Shielding the coin means that in any given transaction, the sender and receiver can hide their identities as well as the amount of currency being moved. The blockchain will record that a shielded transaction occurred, but it won't say what specifically happened.
Gavigan believes this makes zcash more friendly to both consumers and privacy-focused regulations like Europe's GDPR — two factors which could increase the chance of the cryptocurrency being used by businesses or by average people in their day-to-day lives.
"Privacy is a common requirement that people want and it's mandated by law in certain jurisdictions," Gavigan said. "Would you like it if your credit card statements and bank statement were published on the internet?"

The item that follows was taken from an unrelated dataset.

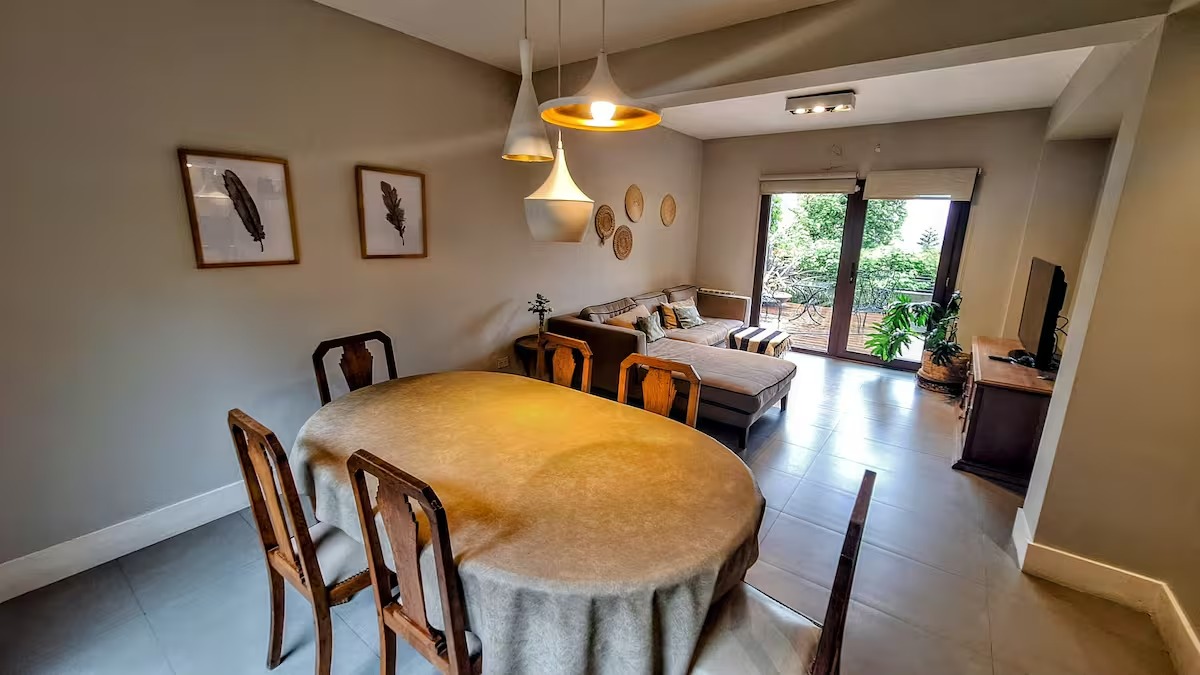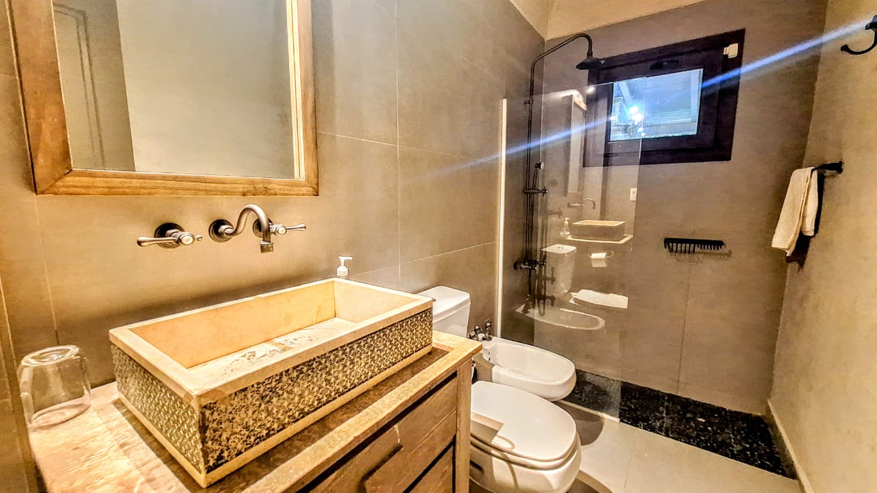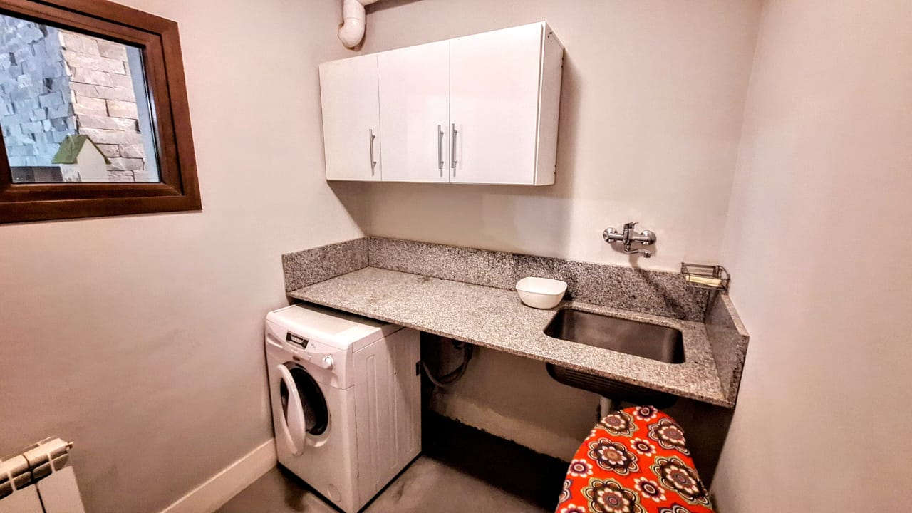 En la planta baja, cuenta con dos habitaciones, un baño completo con ducha y un toilette adicional. El área social es amplia y luminosa, con un living-comedor acogedor y una cocina integrada totalmente equipada, perfecta para disfrutar de comidas compartidas. También dispone de lavadero independiente y un espacio extra para tareas de limpieza.

But zcash also lets people leave their transactions public, which may be useful in some case, such as auditing "how foreign aid is distributed or paid." It means a single cryptocurrency can be used to privately pay rent or receive a salary, as well as publicly move money across borders.
It also costs less money to make transactions on the blockchain
One concern that has emerged with bitcoin is that its price-per-transaction can get so expensive at times that it is impractical to make small purchases using the cryptocurrency. In December, for example, when bitcoin was at its peak price, it cost up to $55 in mining fees to make a single transaction. So if you bought a $1 item using bitcoin at that time, you paid $55 in fees on that purchase.
But this isn't an issue with zcash since it has larger block sizes and blocks are created more frequently on zcash than they are on bitcoin, according to Gavigan. Zcash blocks are mined every 2.5 minutes, compared to every 10 minutes on bitcoin.
But like bitcoin, it could also fork at any time. The code is open source, and it's possible that there will be disagreements in the zcash community which are so disruptive that two separate coins are created.
This has happened with bitcoin numerous times, which is how we ended up with both bitcoin and bitcoin cash. And while it could happen with zcash eventually, Gavigan doesn't foresee any major forks in the future.
However, there are still upgrades coming. The zcash crew is preparing a new edition of zcash called Sapling, which it will release in September.
Currently, transactions on zcash take 30 to 40 seconds to process since the cryptography associated with the coin is so intense. But Gavigan said the update with drastically reduce this processing time, "bring more efficient transactions and open up the usability of zcash a bit more."